Apricot and Almond Cream Layered Cake

5
(1)

egglife wraps are made with cage-free eggs, not flour.

<1g CARBS, <35 CALORIES, 5-6g PROTEIN
The Perfect Wrap for Simple, Delicious, Nutrition!

Recipe and Photography by Emily Schiller, RDN @thestyledujour

4 oz unsalted butter, room temperature
7 oz sweetened condensed milk
4 oz reduced fat cream cheese, softened
1-2 tsp pure almond extract (use 2 tsp if more flavor is desired)

12 original egglife® wraps
½ cup apricot jam
optional: cardamom for dusting

Directions

STEP 1

Warm each egglife wrap on a non-stick skillet, about 1-2 minutes per side, and let cool on a wire rack.

STEP 2

Using a stand mixer and a whisk attachment, beat butter and sweetened condensed milk on high speed (about 5 minutes).
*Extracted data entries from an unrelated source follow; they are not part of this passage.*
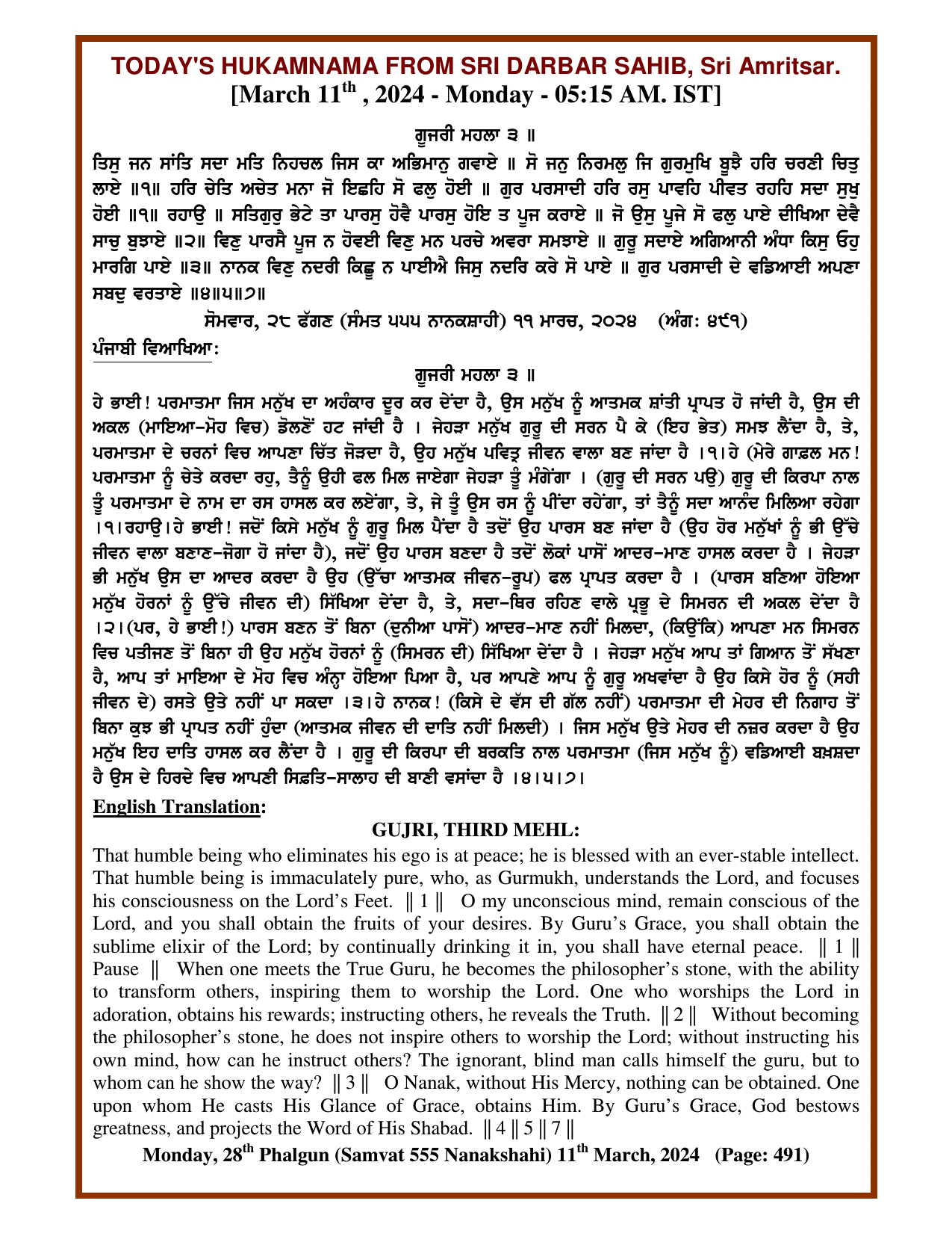 Source : SGPC Post navigation Today’s MUKHWAK Sri Darbar Saheb Amritsar – March 10th, 2024 Today’s MUKHWAK Sri Darbar Saheb Amritsar – March 13th, 2024
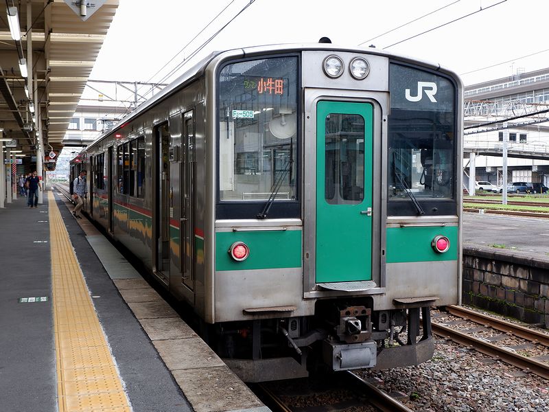 というわけで駅で少し待って、14時41分発の小牛田行き普通列車に乗車。車両はもう説明不要の701系電車で、緑の帯を巻いた仙台地区用の車両です。その2両編成後部のクモハ701-1505に乗車。車内は当然ロングシートで、ワンマン運転のためか、出入口のある先頭車両はロングシートあたり5,6人、この車両はロングシートあたり2,3人の客を乗せ、一ノ関駅を発車しました。
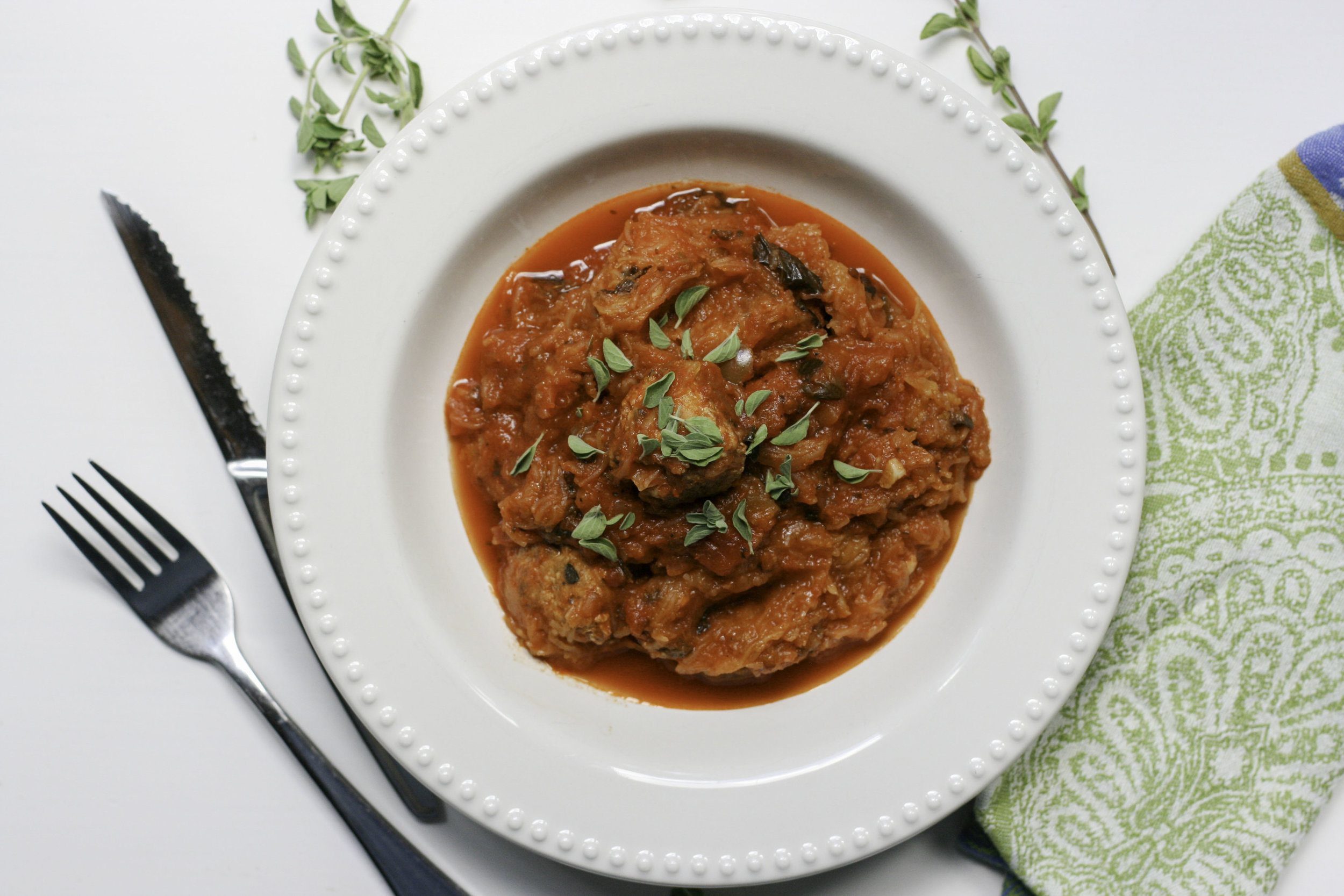 Top noodles with your favorite spaghetti sauce (after doing the homemade work for the noodles and meatballs, I don't dare prepare my own spaghetti sauce, too. I like to use the Costco or Whole Foods brands because they are Whole30-compliant and delicious.) Top with meatballs and fresh oregano or parsley. Bon Appetit!
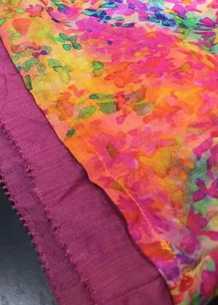 Plus Size Orange O Neck Print Patchwork Linen Blouse Tops Summer
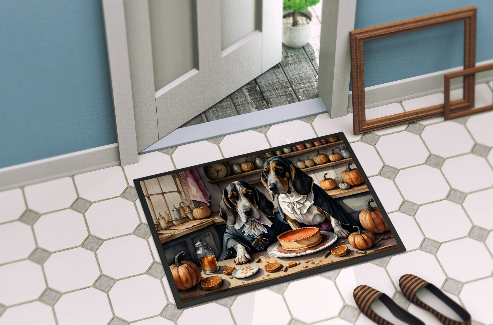 Doormat featuring breed specific Basset Hound artwork. Celebrate Halloween with this Halloween Doormat. Welcome your guests in style with our Artwork Door Mat, designed to withstand almost any weather condition. This mat, measuring approximately 24 by 36 inches, is held together by durable black binding tape. Its top layer, composed of polyester felt, is dyed with the eye-catching image you see on the mat. A few layers below provide the mat with stability, while its rubber bottom is stamped to help prevent slipping and ensures safety. Our mat works wonderfully as both an indoor or outdoor door mat. For cleaning, simply hose it off with water or use a power washer - no need for any cleaner that produces suds. Avoid scrubbing with a brush, instead, opt for the vacuum on floor setting. Designed manufactured and printed in the USA, this mat is a perfect addition to your porch, outdoor kitchen, entryway, or any indoor space. Its unique design makes it a charming decorative rug that greets your guests and adds a stylish touch to your home decor.
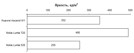Яркость дисплея Lumia 720 не оставляет шанса придраться: почти 500 кд/м2, вряд ли этого кому-то покажется мало. Экран Lumia 520 почти вдвое более тусклый — и это прекрасно чувствуется, особенно летом, на свежем воздухе.
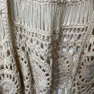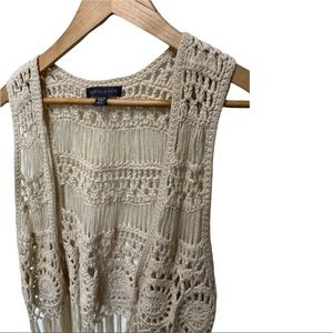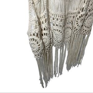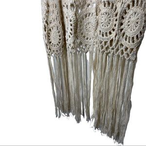 KENDALL AND KYLIE IVORY CREAM BOHO CROCHET FRINGED SLEEVELESS VEST SIZE MEDIUM/LARGE. SUPER ON TREND CROCHET OPEN STYLE SLEEVELESS VEST WITH LONG FRINGED TRIM. GREAT TO LAYER AND WEAR WITH JEANS! GREAT CONDITION.
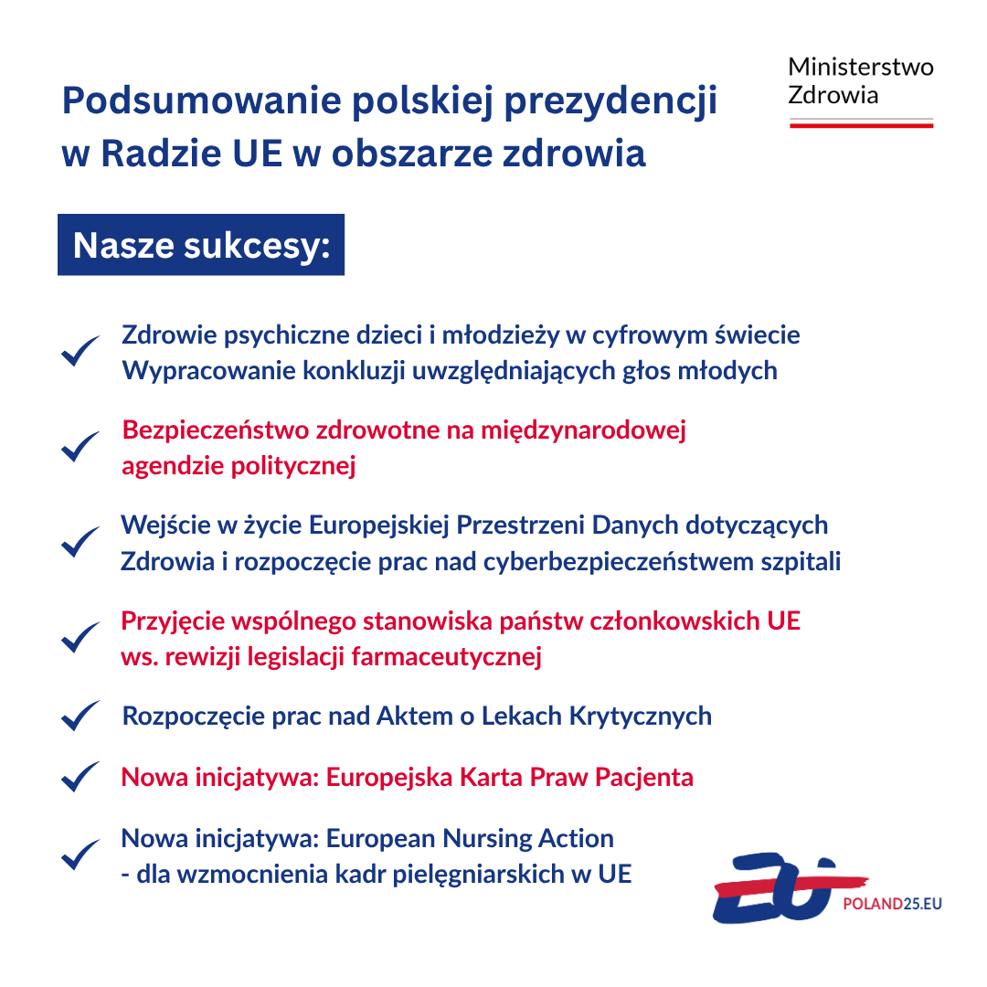 Zakończona prezydencja to nie tylko zbiór dokumentów i wydarzeń. To realne zmiany, które wpłyną na jakość opieki zdrowotnej w całej Europie. Wzmocnienie odporności systemów ochrony zdrowia, lepszy dostęp do terapii, troska o zdrowie psychiczne dzieci i młodzieży – to obszary, w które wnieśliśmy ważny wkład.

Add softened cream cheese on medium high. Add almond extract and combine until smooth.

STEP 3

Place one egglife wrap on a plate or cake stand and top with almond cream (about 2 tbsp). Add an egglife wrap on top and top with apricot jam (about 2 tbsp). Continue with alternate almond cream and apricot jam. For the final and top layer, spread with remaining almond cream and dust with cardamom, if desired.

STEP 4

Place in freezer for about 1 hour to help firm. Remove and enjoy!